Из пояснения несравненного Пастухова:

— Нашему высокому гостю проректору донесли о здешнем наделе с ягодами, поправляющими от двадцати болезней. Так что повелели набрать и доставить — попервоначалу два ведра. Переходим к активным действиям. Думаю, можно вас здесь оставить на часок…

Но ведра — в траве, перекатывая и перегуливая пустоту, простогривая, чернокожая скакунья, непроглядная Ночка щиплет подножное и качает и растягивает колесницу или ковчег, а четверо, притянув за ванты ближний куст, жмурясь от солнца, лакомятся прямо с натуры и не замечают, что носы и щеки окончательно мечены огнем. Не лучше ли сгореть — в прекрасном солнечном дне, чем что-нибудь отстоять от огня?..

Новые поселянки, по шкале успешная борозда — Семнадцатая и Двадцатая, ошеломлены свалившимся на них счастьем: туча поклонниц срезана, божественный Пастухов — с вами и для вас! Долготой — в целое странствие! Которое вряд ли — солидный поход за золотым руном, но кто въедлив?

Полуинтендант, чмокая попавшей кислятиной, деловито советовал:

— Между прочим, наш заказчик читает историю ненаглядной коммунистической партии. Так что, мамочки, явитесь к нему на экзамен, говорите: а мы вам молодильные ягодки нагребли. Как поправилось ваше здоровье? Ждем от вас достойной оценки наших стараний… — и смеялся на гусином диалекте га-га. — Может, подсыпать ему что-нибудь еще — для особенного самочувствия? — и спрашивал Пастухова: — Он у вас читал?

— Нам похождения большевиков поверяла старейшая дочь этой партии, — отвечал Пастухов. — Но накануне экзамена я был приглашен на юбилей — дивное двадцатилетие, неожиданно увенчавшееся — воспетыми тобой безобразиями. Наутро я получил — сто пятьдесят давления и не успел вышагнуть из низовой культуры, из перевернутых ценностей. Как тут оценить мудрые постановления двадцать четвертого съезда? Их грандиозное значение — для одной шестой, и для стран соцлагеря и всего мира? К тому же аз грешный перепутал партийные документы двадцать четвертого съезда — с партийными документами двадцать третьего… не по стоимости, но по рассеянности, — невинно рассказывал Пастухов. — Так что эта мадам Сижу была оскорблена, едко высмеяла мое невежество и при всем честном народе вынесла приговор: я безыдейный лоботряс и просто никчемный тип! И если она скрепя сердце ставит мне удовлетворительно и не гонит прочь, то лишь потому, что я уже отслужил армию и в своем старшинстве над сокурсниками не снесу срама…
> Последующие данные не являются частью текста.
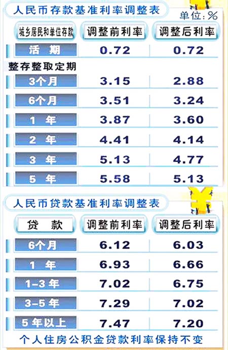 “这次降息的消息来得比较突然,我刚看了利率调整表,发现半年、1年、2年的利率都下调了0.27个百分点,3年和5年分别下调了0.36个百分点和0.45个百分点。”农行金融理财师、城北支行行长叶肖芳告诉记者,以10万元存一年定期存款为例,按调整前3.87%的年利率,到期利息收入为3870元,而按调整后3.60%的年利率,到期利息收入为3600元,两者相差270元。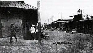 The Armenian–Tatar massacres (also known as the Armenian-Tartar war, the Armeno-Tartar war) refers to the bloody inter-ethnic confrontation between Armenians and Caucasian Tatars (later known as Azerbaijanis)[6][7] throughout the Russian Caucasus in 1905–1907.[8][9][10] The massacres started during the Russian Revolution of 1905. The most violent clashes occurred in 1905 in February in Baku, in May in Nakhchivan, in August in Shusha and in November in Elizabethpol, heavily damaging the cities and the Baku oilfields. Some violence, although of lesser scale, broke out also in Tiflis.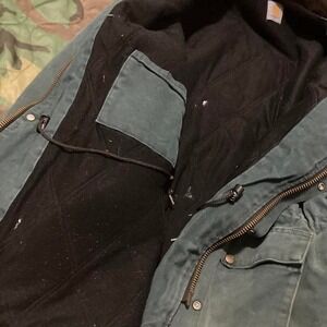 Carhartt turquoise full zip quilted chore coat vintage workwear men's XXL. Tag is chopped but has a 25 inch pit. Black quilted interior with waist pulls. Super beat up look with lots of dirtiness and fading. No rips
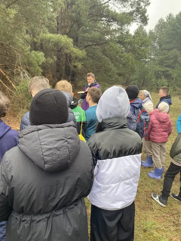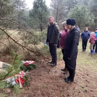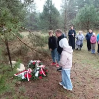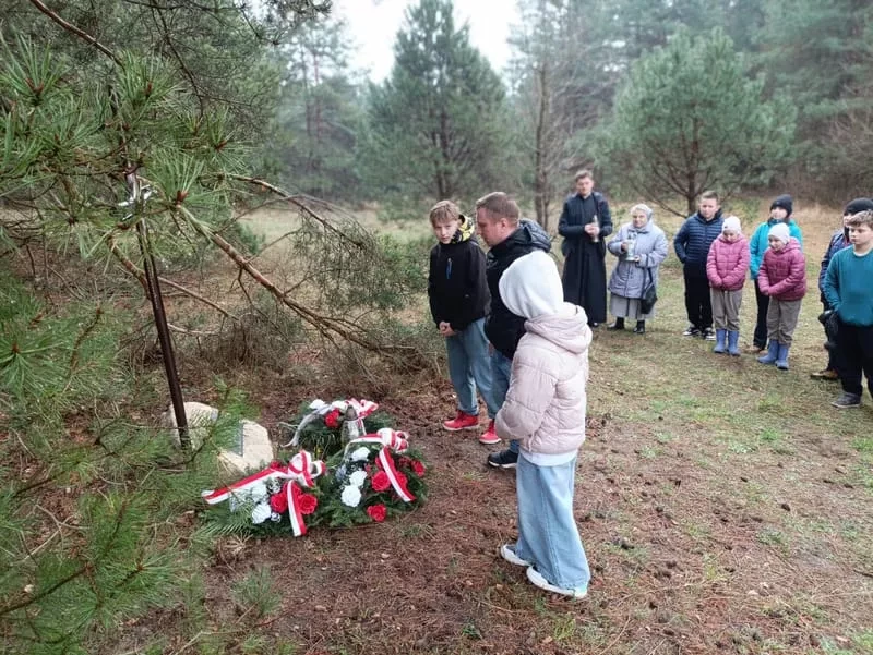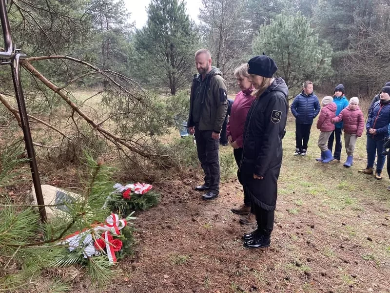 W deszczowy poniedziałek nasi uczniowie wraz z uczniami i nauczycielami z SP w Majdanie Nepryskim wzięli udział w pieszym rajdzie patriotycznym z okazji 80 rocznicy śmierci Żołnierza Wyklętego Ignacego Pytera ps. Murzyn. W tym celu udali się w okolice wzgórza Hołda do miejsca upamiętniającego śmierć partyzanta.

Солнце любит всех поселян, кого застало в своих объятиях, — благородных и уклоняющихся от определения, их преподобий и их подобий, вздорщиков комедии, идущих заре навстречу с подводами и с раскрывшими пасть мешками и торбами, и нарочных от плачей, но праздным дарит больше света и прохладней к тем, кто в тени воздетых на плечо мехов, кадей, вьюков и кулей, а впрочем, всем возводит золотые горы и приветствует — гулом пламени. В обласканных — пилигримы, окружившие куст, и куст — весь в эгретках, пекторалях и фермуарах огня… И кто-то столь освещен, что ни с кем не сравним, а иные не жалуют — ведерный барабан или барабанное ведро: новопоселянка Семнадцатая твердо не различает в формате — картофельный и ягодный профили, обоим не лежится и неймется — их тошнит ненасытностью… Словом, бунтарка С. сразит несравненного Пастухова — своим презрением к чинам и форматам, нежеланием угождать и выслуживаться, и перед таким диссидентством кумир уж точно не устоит! Правда, час спустя приедет за барышнями, чтоб вернуть их борозде… сто проклятий! — не ожидаемый Пастухов, а всего-то — полуинтендант, мешковатый франт и, узрев, что здравие замполита полно — чуть на палец выше дна… на тонкий девичий, догрузит ведро собственным чертыханием, и посягнет отоварить сборщиц — тем и этим профилем сразу, и замахнется формой во множественном числе — вожжи.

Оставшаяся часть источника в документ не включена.